Александр Проханов - Надпись
Некоторое время стекло оставалось пустым, в легких разводах инея. Затем появился танк. Тяжелый, качая пушкой, продавил береговые кусты, тяжко съехал на лед, стал удаляться, оставляя клетчатые отпечатки. За танком волочился буксирный трос, будто извивалась змея. В открытом люке виднелось лицо механика, синеглазое, в ребристом танковом шлеме. Танк удалялся к острову, уменьшался, тянул колею, окутывался гарью. Чуть заметно поблескивал отвязавшийся трос. Снега розовели, переливались вечерним блеском. Танк дошел до середины реки и стал проваливаться. Оседал, продавливал лед, погружался кормой. Ухнул в глубь, оставляя черную клокочущую полынью, где что-то кипело, дымилось. И повсюду - на острове, по обоим берегам, в вечерних сопках - застучали, забили очереди, и звук был похож на стук весеннего дятла.
Виденья пропали и больше не появлялись. Обессиленный, утонул в подушках, желая забыться. Вошла Валентина:
- Принял таблетки? Давай температуру померим… Передали в новостях, на Дальнем Востоке, на реке Уссури столкновения с китайцами. Есть убитые. Называли какой-то остров. Не то Таманский, не то Долматский.
- Знаю, - слабо ответил Коробейников. - Я там сейчас был.
Валентина решила, что бред его продолжается. Щупала лоб, подносила к губам горячий, пахнущий лимоном чай. Он не разубеждал ее. Погружался в сон, стараясь сохранить на дне глазных яблок черно-белые отпечатки видений. Среди дня вошла Валентина:
- Тебя просит по телефону какой-то подполковник Миронов. Я сказала, ты болен. Но он очень просит только на два слова.
- Дай телефон.
Пластмассовая трубка была холодной, приятной на ощупь.
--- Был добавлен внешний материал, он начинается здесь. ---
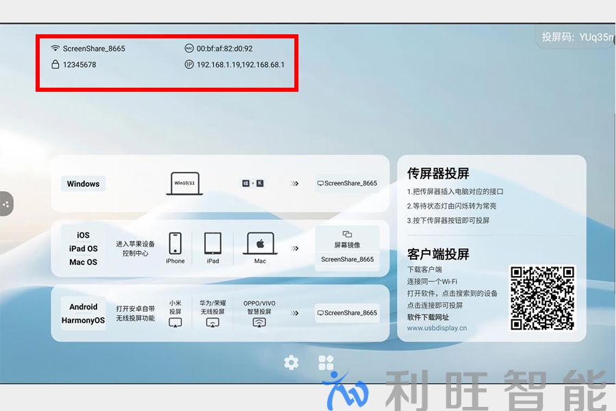 热点名称及热点密码、MAC地址及主机IP地址、投屏码;
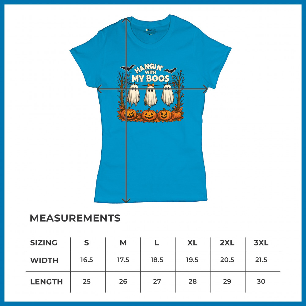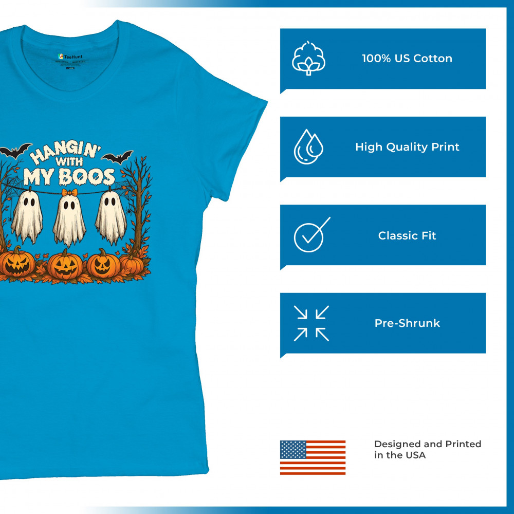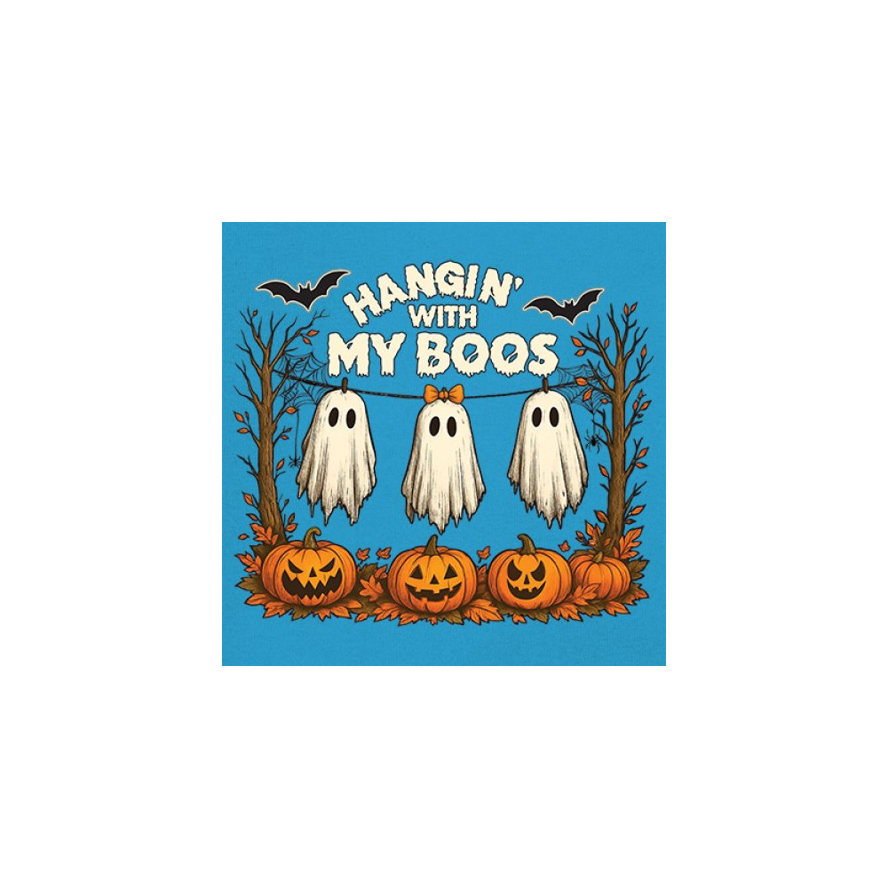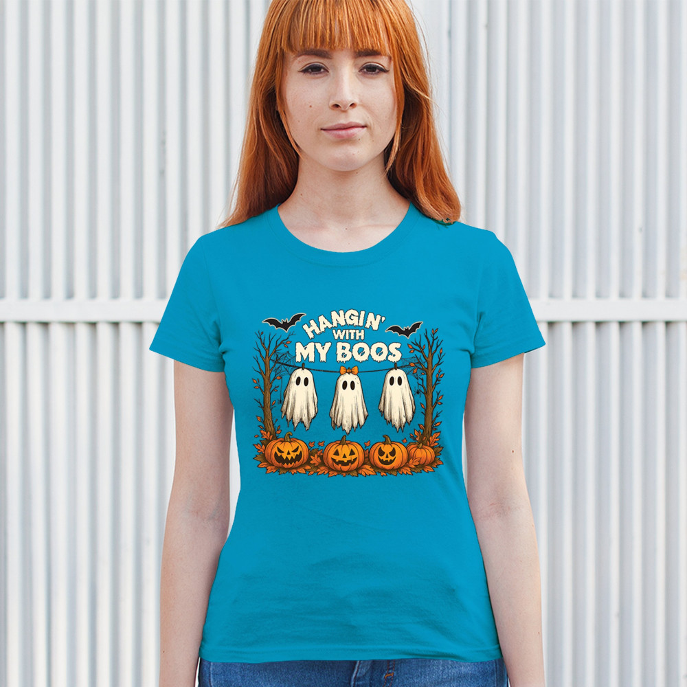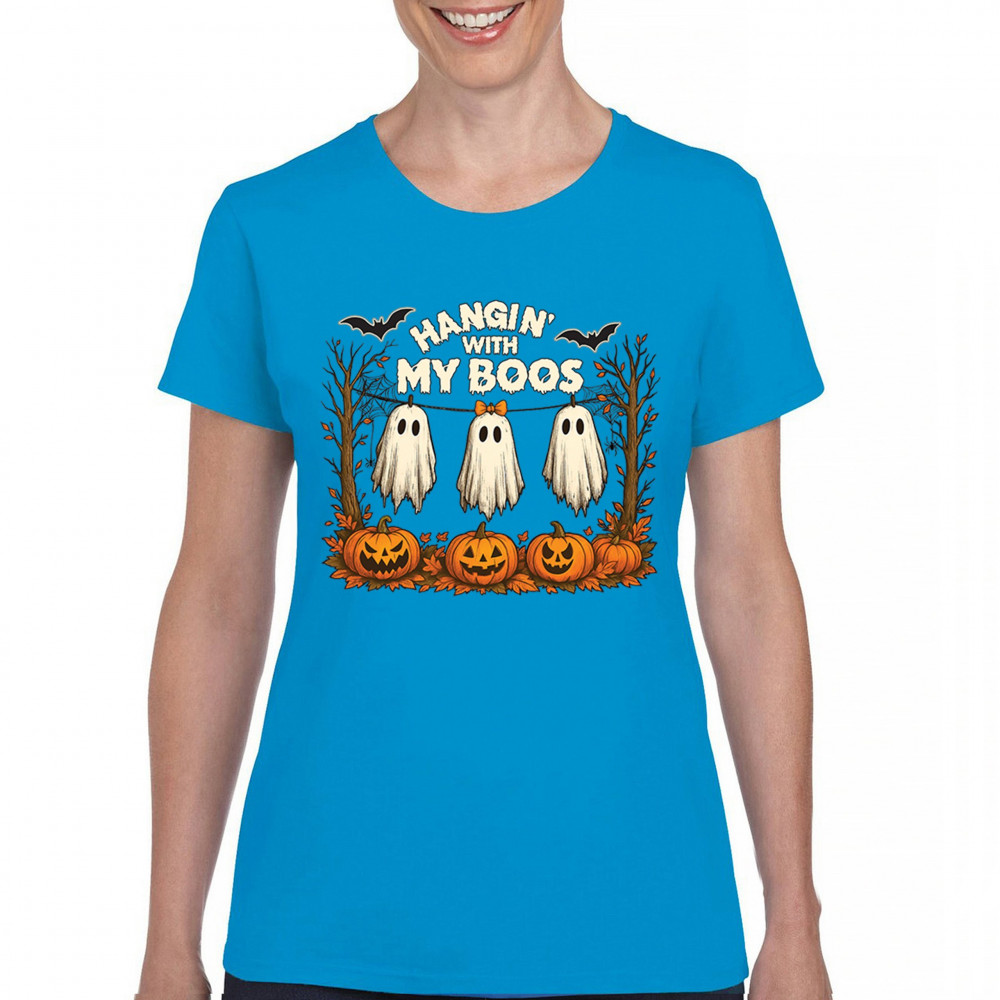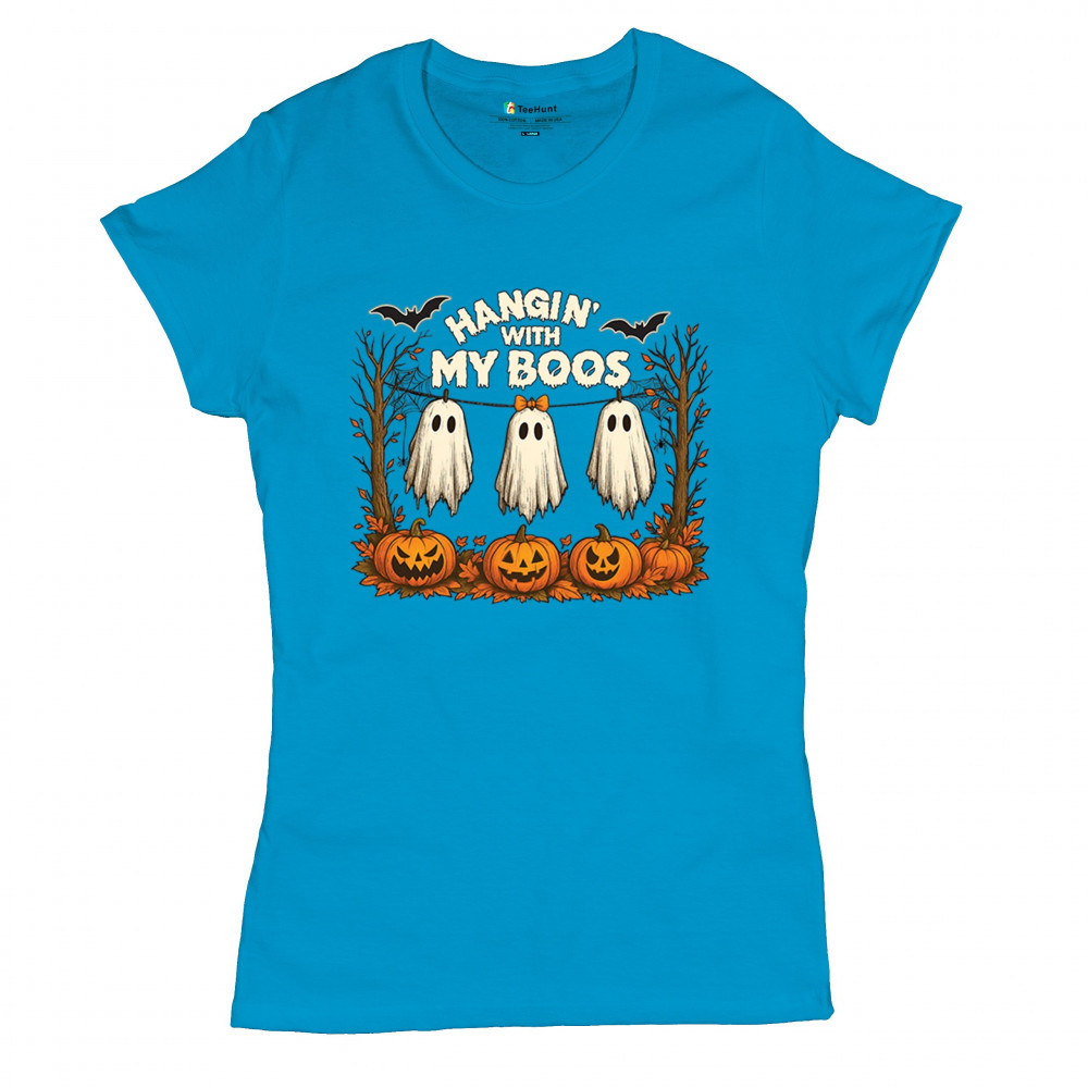 Hangin With My Boos design featuring spooky ghosts, jack o lanterns, and haunted house humor. Perfect for Halloween night, October 31, and parties.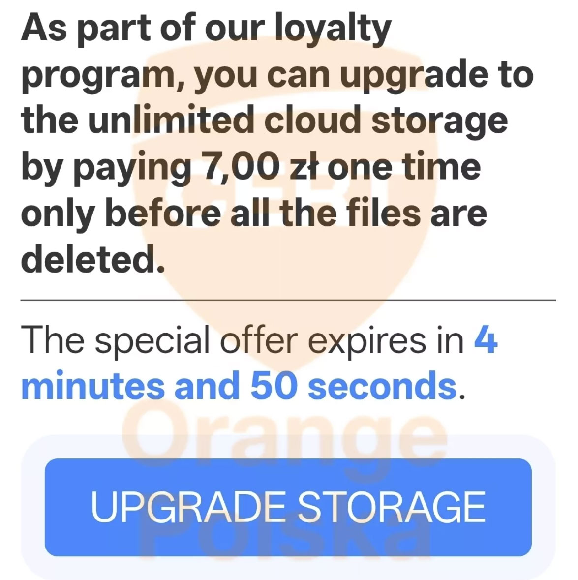 Drugi wariant jest już typowym oszustwem. Od początku użytkownik porusza się po infrastrukturze przestępców, kuszony „wyjątkową ofertą lojalnościową”. Pada obietnica „nieskończonej” przestrzeni za 7 zł, a decyzję trzeba podjąć w kilka minut, co ma wywołać presję i ograniczyć czas na zastanowienie. Kliknięcie w przycisk typu „upgrade storage” prowadzi do formularza, w którym ofiara podaje dane karty płatniczej — i w tym przypadku o zwrocie pieniędzy zwykle nie ma mowy.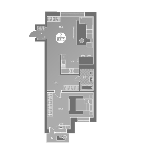 2-комнатная квартира 83,2кв.м.Генерала Тихонова 14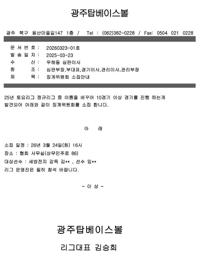 징계위원회 소집안내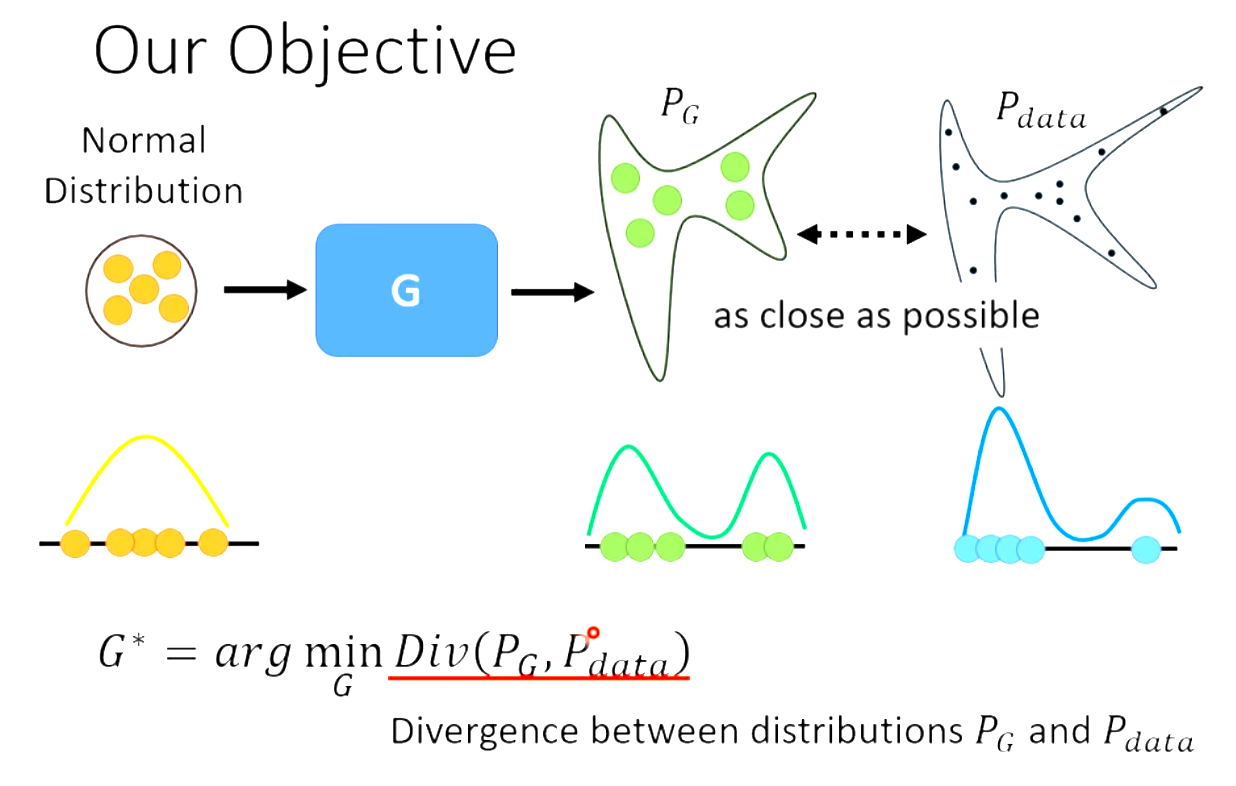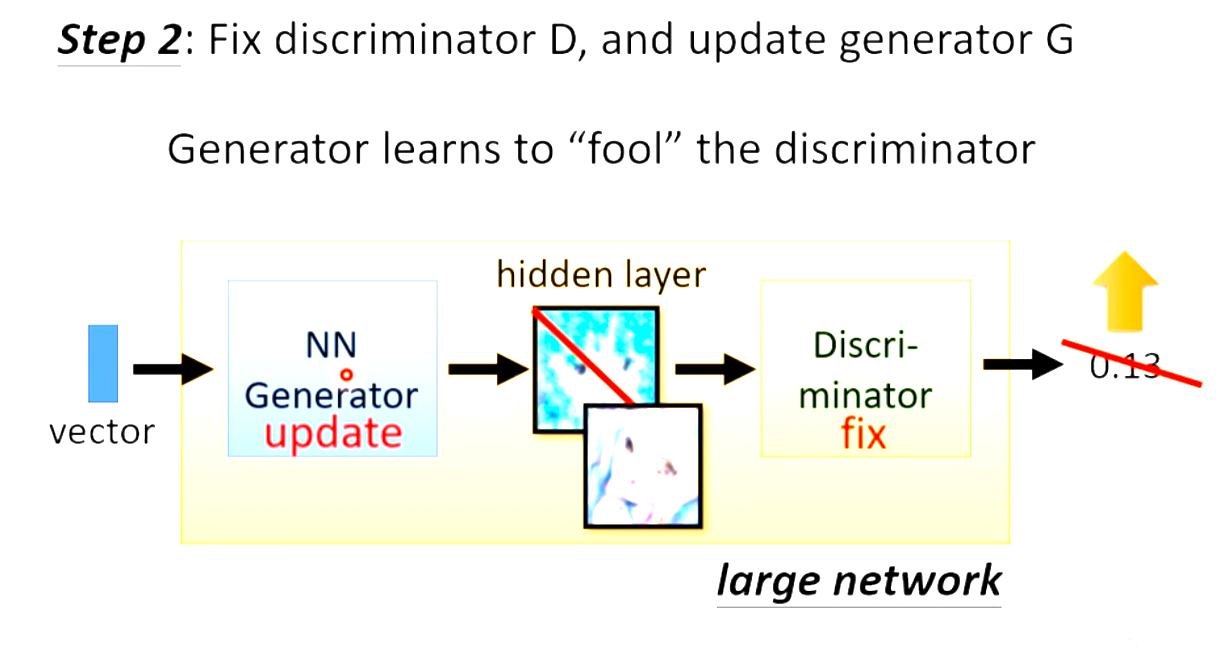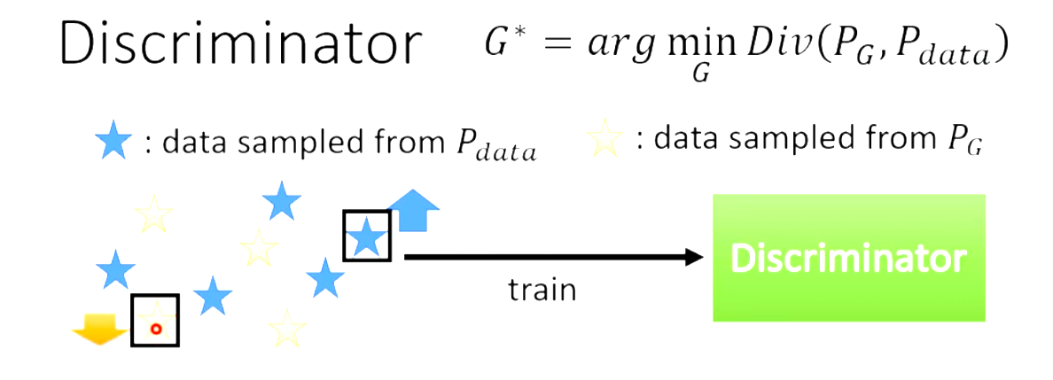 一大堆的real data个generate data同时去train,训练的目标是找到一个discriminator的参数,看到real data就给高分,看到generate data就给低分。

- Огорчен вашей болезнью, Михаил Владимирович, - голос Миронова был искренне сочувствующим, встревоженным. - Высокая температура?
- Под сорок.
- Простите, что потревожил. Сегодня состоялся первый акт «Пекинской оперы». На реке Уссури, у острова Даманский. Я думал, вы полетите на Дальний Восток. Но теперь отбой.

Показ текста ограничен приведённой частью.